Paramutation
Para mutation is an epigenetic interaction between two alleles of a gene, which leads to an inheritance that is not compatible with the Mendelian rules. The phenomenon was discovered in 1956 by Canadian geneticist RA Brink in maize ( Zea mays).
Para mutation at the b1 gene in maize
The B1- gene of maize encodes a protein that activates the anthocyanidin signal are synthesized by the purple pigments. Plants that are homozygous for the BI allele have high expression and b1 show a purple color; Plants that are homozygous for the B ' allele, however, are bright because b1 is only weakly transcribed. Crosses between these two plants produce heterozygous plants, which also have a bright color. This means apparently that BI ' is recessive to B. However, if the heterozygous plants are crossed together, all plants of the following and future generations are bright This violates Mendelian splitting rule according to which some of the plants homozygous for BI and thus would have to be purple.
Mechanism
The nucleotide sequence of BI and B 'is identical, but the alleles have different epigenetic state, ie chromatin structure is different. By an interaction between the two alleles of the epigenetic state of BI is reprogrammed by B 'such that occur in subsequent generations no more plants, the BI are homozygous with respect. The exact molecular mechanism of interaction is not yet understood, but appears to play a major role in the communication between the alleles of non-coding RNA such as siRNA.

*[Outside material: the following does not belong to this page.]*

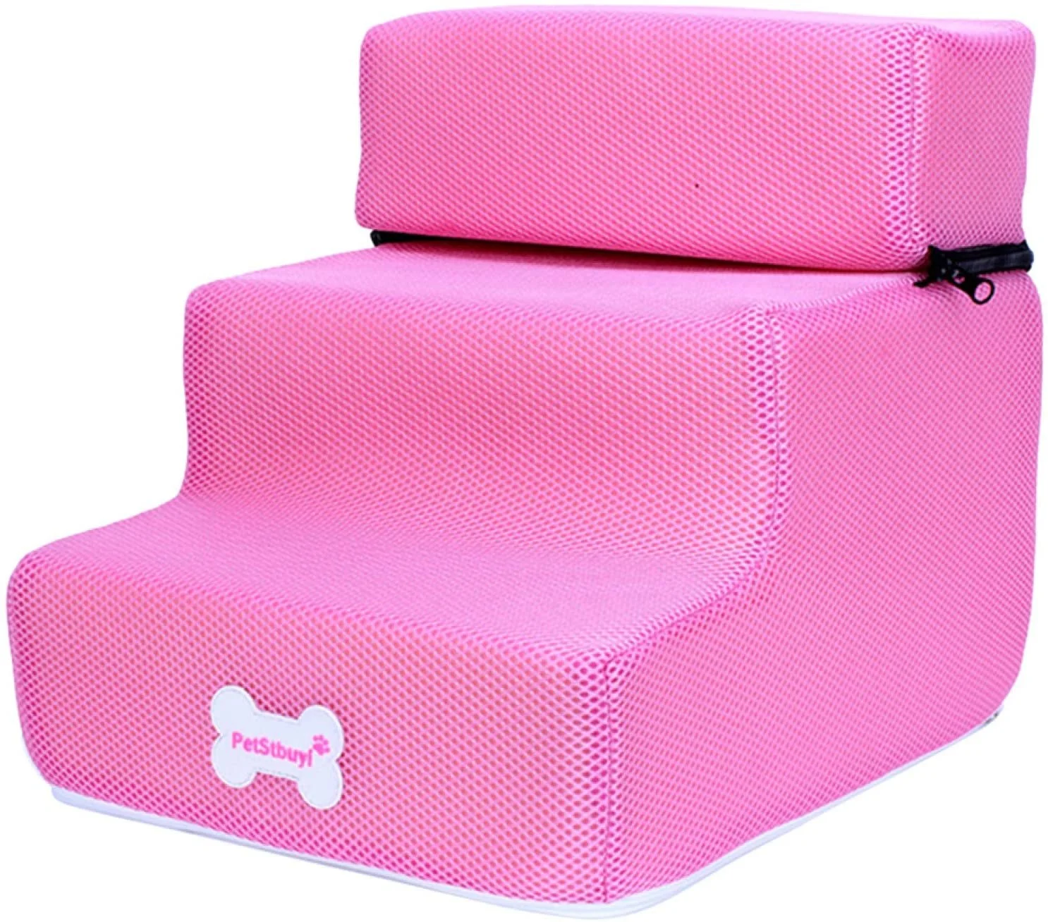 SpirWoRchlan Small Dog Cats Pet 3 Steps Removable Non-slip Ramp Climbing Detachable Bed Ladder - Black
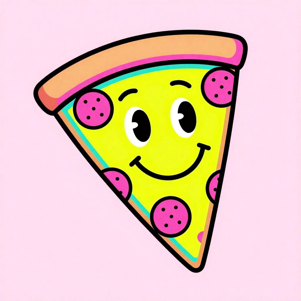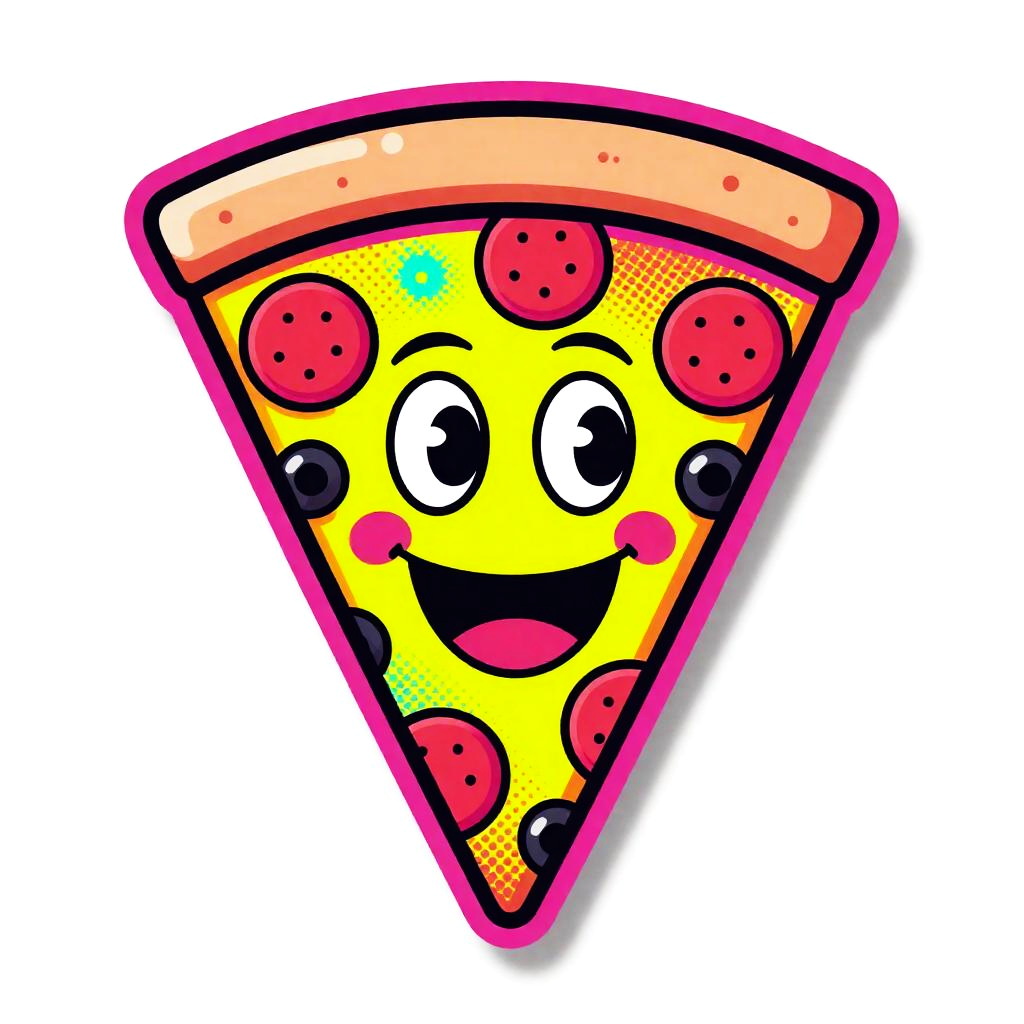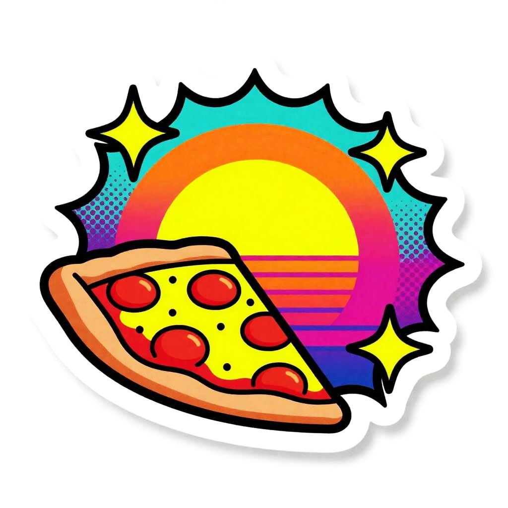 Whole pizza with one slice mid-air, smiling and sporting a tiny chef's moustache, speech bubble reading "Yum!" in pop art style, sunset-warm vibrant palette (coral, tomato red, mustard yellow, teal accents), thick bold black outlines with stippled halftone and dotted comic-burst accents, retro 1980s Memphis pop-art / vintage sticker vibe, isolated on white background with a subtle die-cut white border and small comic burst behind the pizza, cheerful, whimsical and playful

Other cases of Para mutation
In other genes in maize as well as in other organisms cases were found by mutation parameters, including Arabidopsis thaliana, and mouse. There are less clear-cut cases of para mutation in animals known as in plants. The example of the b1 locus in maize is particularly easy to analyze because the B ' allele is very stable and has a wholly owned penetrance. This is not so often you can in most other cases of para mutation, the expression of a gene change gradually, and the effect can wear off in subsequent generations.